109. The method of claim 107, wherein the concentration of the first and/or second RNA is about 3 g/L.

110. A composition produced by the method of any one of the proceeding claims comprising a first RNA comprising a phosphate at a 5' terminus and a second RNA comprising a variable protospacer region, wherein the first and the second RNA are non-covalently bound.

111. A composition produced by the method of any one of claims 1-103 comprising a first RNA comprising a phosphate at a 5' terminus and a second RNA comprising a variable protospacer region, and wherein the first and the second RNA are bound to a ligase.

112. The composition of claim 111, wherein the ligase is a T4 RNA ligase 2.

113. A composition comprising an RNA comprising a nucleotide sequence at least about 80% identical to CGAUACGACAGAAC.

114. The composition of claim 113, wherein the nucleotide sequence is identical to CGAUACGACAGAAC.

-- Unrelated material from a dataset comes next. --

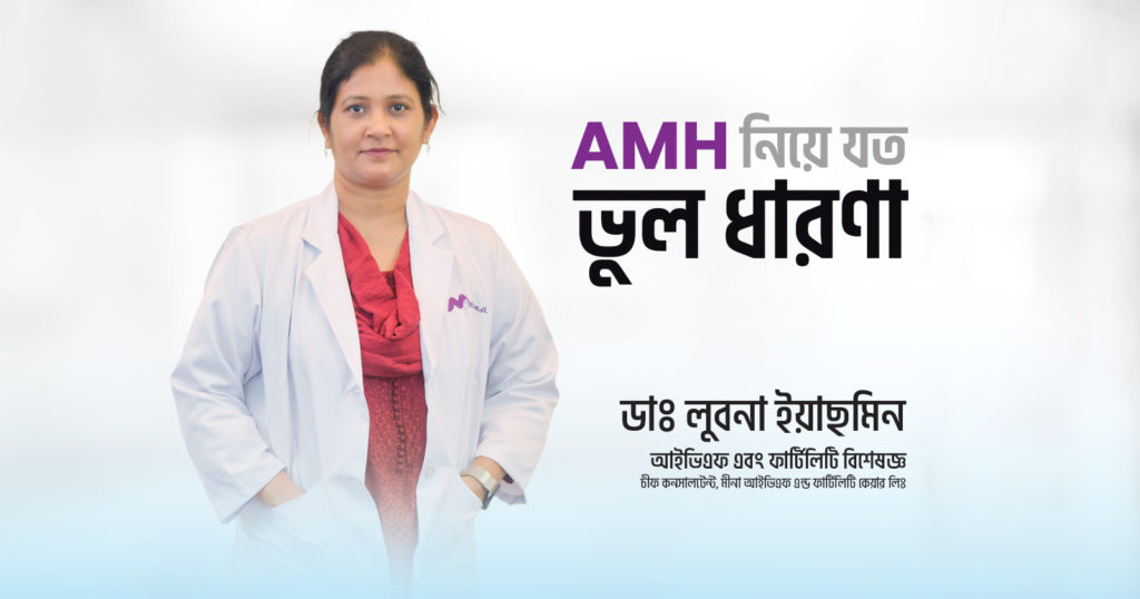 পঞ্চম যে ভুল ধারণাটা পেশেন্ট আমাদেরকে প্রায়ই জিজ্ঞাসা করেন যে আমার AMH এত কমে গিয়েছে আমার পক্ষে কি সুস্থ স্বাভাবিক বাচ্চা সম্ভব?  অর্থাৎ তারা চিন্তা করেন যে Low AMH হলে বাচ্চার জন্মগত ত্রুটি হবে কিনা? – না, AMH কম মানে আপনার ডিমের quantity কমে গিয়েছে অর্থাৎ রিজার্ভ কমে গিয়েছে। কিন্তু এইটা কোয়ালিটি নির্দেশ করে না।আমাদের একটা সুস্থ বাচ্চা হবে কিনা এইটা সবচেয়ে বেশি নির্ধারণ করে মেয়েদের বয়স। একই Low AMH নিয়ে ২৫ বা ৩০ বছরের মেয়ের বলতে গেলে জন্মগত ত্রুটি সম্পন্ন বাচ্চা হওয়ার সম্ভাবনা খুবই কম। আবার এই একই AMH নিয়ে বয়স যদি হয় ৪০ সেক্ষেত্রে জন্মগত ত্রুটি সম্পন্ন বাচ্চা হওয়ার সম্ভাবনা অনেক বেশি। অর্থাৎ জন্মগত ত্রুটি ব্যাপারটা নির্ভর করে বয়সের উপর। জন্মগত ত্রুটি বলতে সাধারণত structural যে problem গুলো হয় – হার্টে ছিদ্র, ঠোঁট কাটা বা হাতে অতিরিক্ত আঙ্গুল এই ব্যাপারগুলো নিয়ে আমাদের পেশেন্ট রা বেশি ভয় পান। তবে বলব যে আপনারা Low AMH  দেখে আপনাদের মনের মধ্যে এই ভয়টা নিবেন না যে আপনাদের সুস্থ বা স্বাভাবিক বাচ্চা হওয়া  সম্ভব কিনা। এই পুরো ব্যাপারটা আসলে একটা integrated চিন্তা অর্থাৎ অনেকগুলো কম্পনেন্ট একসাথে চিন্তা করে প্ল্যান করা বা একটা ডিসিশন এ পৌঁছা যে হ্যাঁ আপনার জন্মগত ত্রুটি সম্পন্ন বাচ্চা হওয়ার সম্ভাবনা বেশি বা কম। পুরোপুরি এটাকে কখনোই প্রতিরোধ করা সম্ভব না কিন্তু এইটা নিয়ে অনর্থক দুশ্চিন্তা করে আপনি আপনার যে চিকিৎসার সম্ভাবনা ছিল এটাকে বন্ধ করবেন না।
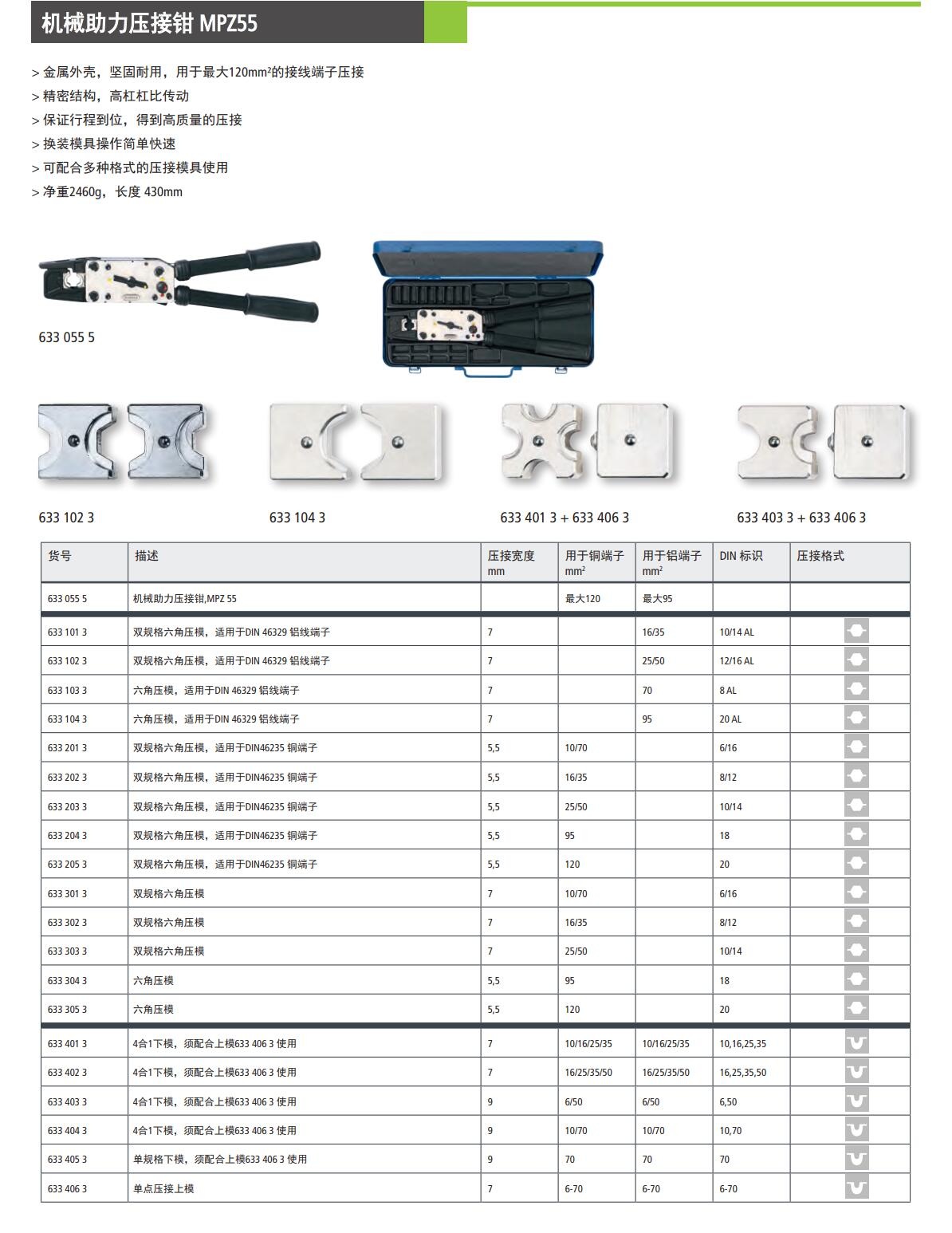 > 可配合多种格式的压接模具使用

115. A composition comprising an RNA comprising a nucleotide sequence at least about 80% identical to CGCCG.

116. The composition of claim 115, wherein the nucleotide sequence is identical to CGCCG.

117. A composition comprising an RNA comprising a nucleotide sequence at least about 80% identical to CGGCCGC.

118. The composition of claim 117, wherein the nucleotide sequence is identical to CGGCCGC.

119. A composition comprising an RNA comprising a nucleotide sequence at least about 80% identical to CGCGC.

120. The composition of claim 119, wherein the nucleotide sequence is identical to CGCGC.

121. A kit comprising the composition of any one of claims 110-120.

122. A kit comprising a first RNA comprising trans-activating RNA (tracrRNA) sequence, a second RNA comprising a variable protospacer region, and a ligase.

123. The kit of claim 122, wherein the ligase is a T4 RNA Ligase 2.